* **WHAT THE EXERCISE ASKS**
Word for word, transcribe the data below from the line with "5-Light Gold Candle" to the line with "タイトルは、「東急、「個」の最大化を支援、社会の多様性を体現する組織に挑戦」", keeping both of those lines.

* **AVAILABLE DATA**
==============================
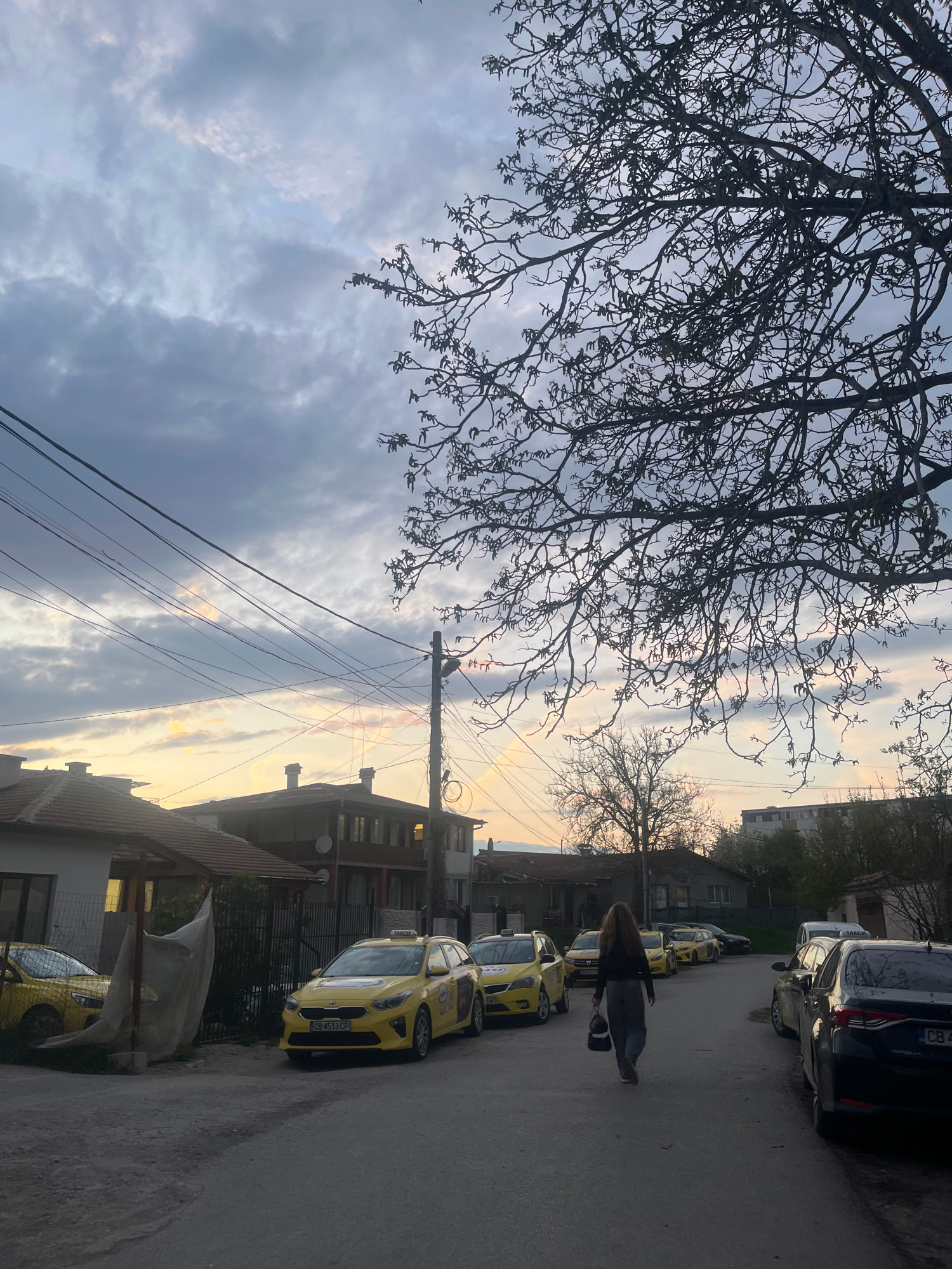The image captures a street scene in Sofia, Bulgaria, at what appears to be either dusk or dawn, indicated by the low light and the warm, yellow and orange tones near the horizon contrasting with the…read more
==============================
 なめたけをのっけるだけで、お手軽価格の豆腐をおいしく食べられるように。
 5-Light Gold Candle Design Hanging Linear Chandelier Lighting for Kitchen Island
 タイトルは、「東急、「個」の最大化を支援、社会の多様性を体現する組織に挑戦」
==============================
* **ANSWER BELOW**
 5-Light Gold Candle Design Hanging Linear Chandelier Lighting for Kitchen Island
 タイトルは、「東急、「個」の最大化を支援、社会の多様性を体現する組織に挑戦」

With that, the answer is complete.